| 6:12 pm on Mar 3, 2012 (gmt 0)|
Thanks to all who have commented. One of the problems with going to work 'for the man' is that I don't get to Webmaster World nearly as often. WW is actually how I got introduced to AdSense in the first place, so yeah, I can say 'thanks a million' to the folks here at Webmaster World and really mean it. (One of my goals has been to some day make it to the WW home page, and now I've done it. Thanks a million!)
To all those who cast aspersions on my business model, I can forgive you because you haven't seen my business model. When someone throws large amounts of money at you for doing things a certain way, you don't turn it down because earning the money is not a reliable business model. You try to maximize profit and otherwise invest the money into other things, as I have done.

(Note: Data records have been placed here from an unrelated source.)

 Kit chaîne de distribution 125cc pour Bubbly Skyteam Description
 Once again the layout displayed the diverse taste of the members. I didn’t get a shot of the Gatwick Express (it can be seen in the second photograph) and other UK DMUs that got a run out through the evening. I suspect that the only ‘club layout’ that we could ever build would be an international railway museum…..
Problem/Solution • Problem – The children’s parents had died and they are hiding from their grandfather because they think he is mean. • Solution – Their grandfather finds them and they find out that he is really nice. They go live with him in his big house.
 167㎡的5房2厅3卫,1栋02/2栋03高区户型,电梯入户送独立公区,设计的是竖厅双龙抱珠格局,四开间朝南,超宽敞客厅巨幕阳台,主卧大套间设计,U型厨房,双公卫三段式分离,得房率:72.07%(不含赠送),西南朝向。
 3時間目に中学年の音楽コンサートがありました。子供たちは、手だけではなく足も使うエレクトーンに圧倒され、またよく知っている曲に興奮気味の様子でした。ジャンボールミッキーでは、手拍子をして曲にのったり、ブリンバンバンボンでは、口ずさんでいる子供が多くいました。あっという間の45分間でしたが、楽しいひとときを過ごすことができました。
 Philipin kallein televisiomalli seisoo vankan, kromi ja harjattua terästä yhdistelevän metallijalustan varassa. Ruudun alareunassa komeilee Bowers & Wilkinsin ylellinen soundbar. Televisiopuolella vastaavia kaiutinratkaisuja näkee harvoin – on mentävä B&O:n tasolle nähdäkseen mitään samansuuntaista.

Great link, @Sgt_Kickaxe. Larry Page's speech really does explain a lot.
My site is what is now called an 'article directory' but it was around long before that term became popular. I've always called it a writers' community, and it still primarily serves that purpose. It's easy to see why my website could mistakenly be considered a 'content farm'. I consider most article directories content farms myself.
@skunkr, you are so right and perhaps this is the best take-away from my story. We webmasters who have fought from the trenches of everyday website development really do have in-demand talent, and Google can't take that away from us. In my case, I was feeling pretty beat-down when I decided to start looking for a regular job, but the very first person I contacted about a job hired me, at much better pay and with much better benefits than I expected. Today they consider me a guru of all things Internet. And I guess I am.

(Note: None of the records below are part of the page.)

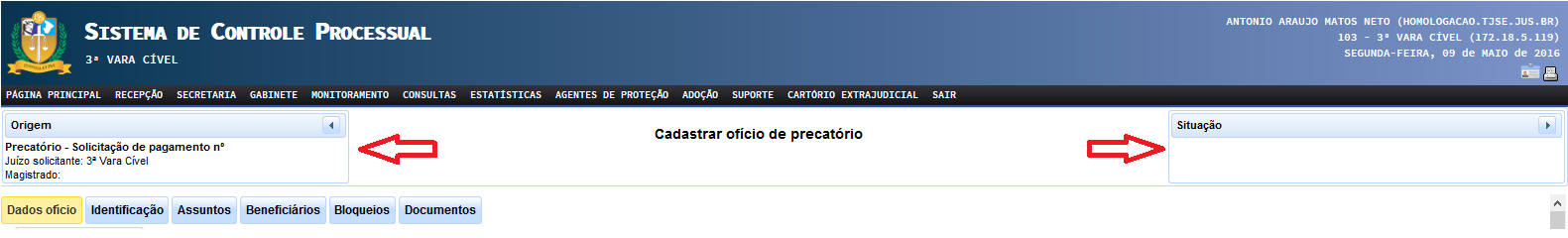 Na caixa situada no canto superior esquerdo são visualizados o número do ofício precatório (gerado somente após a gravação do ofício, ainda que temporariamente), o Juízo solicitante e o respectivo Magistrado. Já a caixa situada no lado direito exibe a atual situação do ofício, de acordo com os estados descritos em tópico próprio, bem como a data e horário de registro da aludida situação.
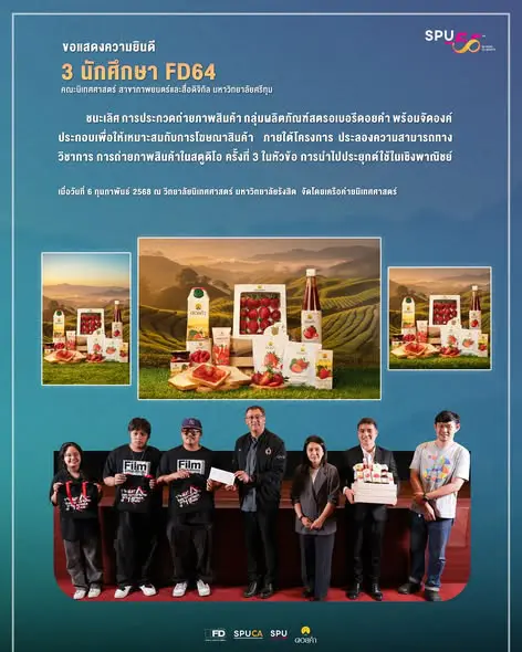 ขอแสดงความยินดีกับนักศึกษาสาขาภาพยนตร์และสื่อดิจิทัล คณะนิเทศศาสตร์ มหาวิทยาลัยศรีปทุม (FD64) ที่คว้ารางวัล ชนะเลิศ ประเภท “ความเหมาะสมในการนำไปประยุกต์ใช้ในเชิงพาณิชย์” จากเวทีการแข่งขัน การถ่ายภาพสินค้าในสตูดิโอ ครั้งที่ 3 จัดโดยเครือข่ายนิเทศศาสตร์ ณ ม.รังสิต เมื่อวันที่ 6 กุมภาพันธ์ 2568
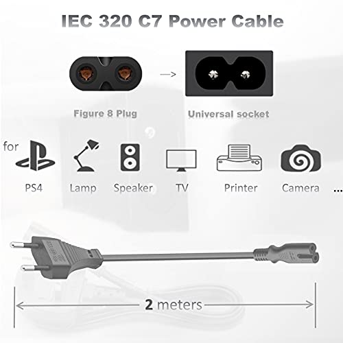 FSKE Netzkabel 2m IEC C7 2 poliger Euro Stecker Kabel Figur 8 Stromkabel für PS3 PS4 HP Philips Drucker Samsung LG TCL Sony Philips TV Fernseher PC Monitor usw – Schwarz
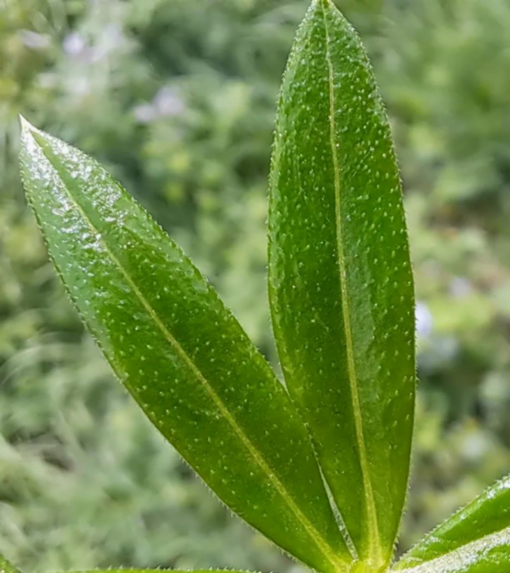 Blätter zu 6 - 8 im Wirtel, Blättchen 30 - 40 mm lang, 4 - 8 mm breit, eilanzettlich oder elliptisch
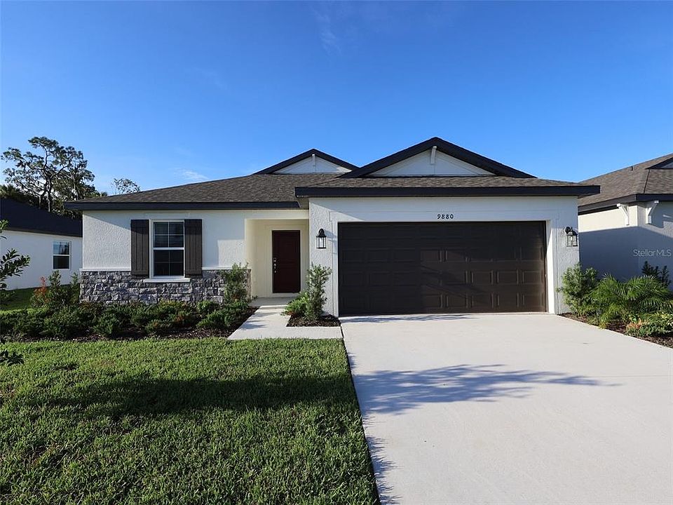 One or more photo(s) has been virtually staged. ****SPECIAL FINANCING AVAILABLE FOR A LIMITED TIME ONLY FROM PREFERRED LENDER. RESTRICTIONS APPLY, FOR QUALIFIED BUYERS, SUBJECT TO APPLICABLE TERMS AND CONDITIONS. SUBJECT TO CHANGE WITHOUT NOTICE**** Welcome home to the Palisades, Featuring three bedrooms, two bathrooms, a two-car garage and lush, easy-to-maintain landscaping that welcomes you into the home. As you walk in, a bonus room sits immediately off to the side. Continuing into the home, you’ll head into a massive combination kitchen, dining and great room. This large space extends almost the length of the house and opens up to a sliding glass door that leads out to the lanai. The kitchen features an oversized island and double-basin sink. The dining area is perfect for a medium-sized table, and flows seamlessly into the great room, where you can relax after the day or use the ample space to entertain guests. On the opposite side of the home sits the owner's suite with a huge walk-in closet. Two more bedrooms share this side of the home, and there is a full bathroom in between them. A utility room opens out to the two-car garage. The Palisades is the perfect choice for anyone looking for multiple bedrooms and spacious living areas.

As my wife says, geeks rule!
| 7:19 pm on Mar 3, 2012 (gmt 0)|
|Interesting read, dvduval - thanks for sharing. Do you believe your site has good SEO, or at least is search engine-friendly? |
We are regularly in the top 10,000 according to Alexa, and #2 on Bing for our main keywords. I believe somehow Google's Pandarific algorithm is just missing something. It's really hard to say since there is no way to have a true analysis from someone in the know.

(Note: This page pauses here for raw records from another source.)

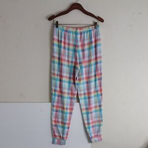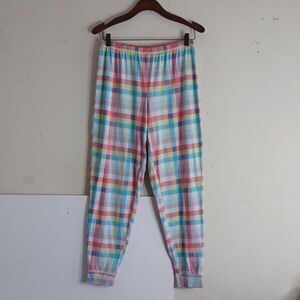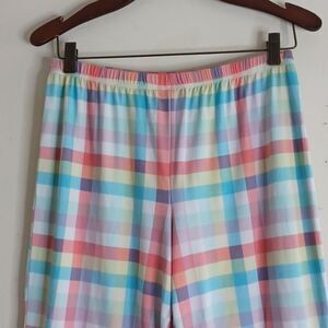 Vibrant plaid pajama pants with a mix of colors. Perfect for lounging in style.
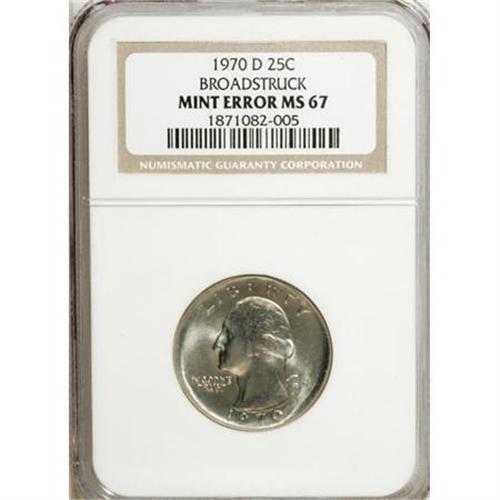 <B>1970-D 25C Washington Quarter--Broadstruck--MS67 NGC.</B></I><BR><BR><B>Coin Engraver:</B> John Flanagan<BR><BR><b>Shipping:</b> Coins & Currency (<a target="_blank" href="http://www.heritageauctions.com/common/shipping.php">view shipping information</a>)
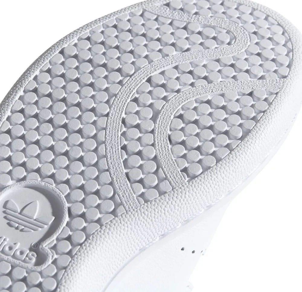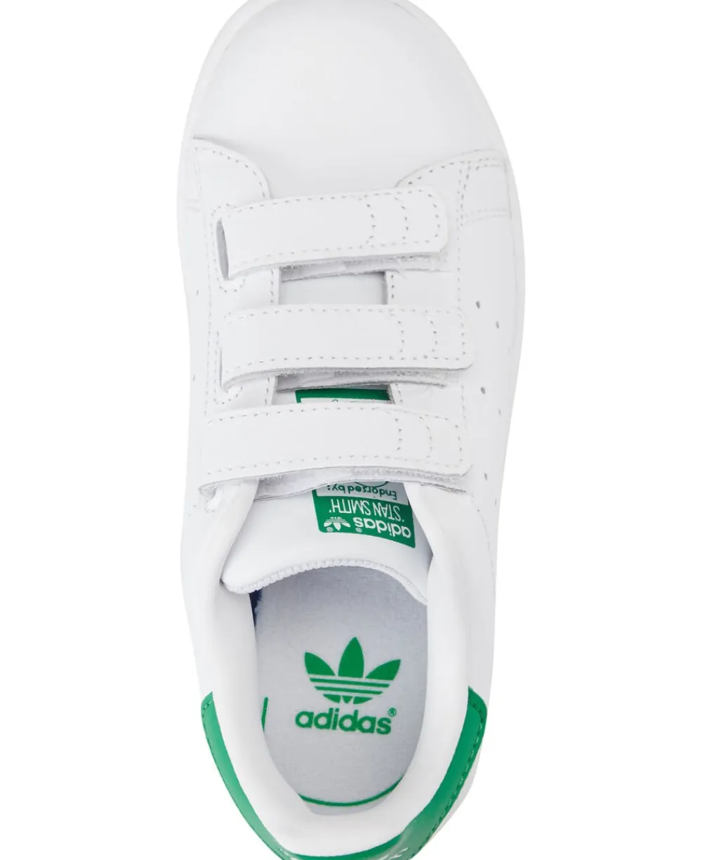 Smarte Stan Smith sneakers fra Adidas. Disse sko er hvide og har grønne detaljer. De har en tyk sål og lukkes med velcro. Med disse sko er barnet sikret komfort. Skoene er ideelle til bevægelse. De kan med fordel bruges sammen med et par bukser.

| 8:16 pm on Mar 3, 2012 (gmt 0)|
Hi there, dataguy:
again, congratulations on landing on your feet, and thanks for the insight about your site. and it is good to hear that you were smart with the money that google gave you.
It is sad, because the way you describe it definitely sounds like yoiur site adds value to your readers. By the way, was it geared toward a specific market segment? For instance, I know sites that are quite popular that are geared toward aspiring women writers, or ones that are geared toward aspiring sci-fi writers, and things like that.
Or was it more broad?
I ask not so much because I want to emulate your past success. I am thinking of having another project that is partly based on crowdsourcing, and am interested in AVOIDING the pitfalls that you encountered.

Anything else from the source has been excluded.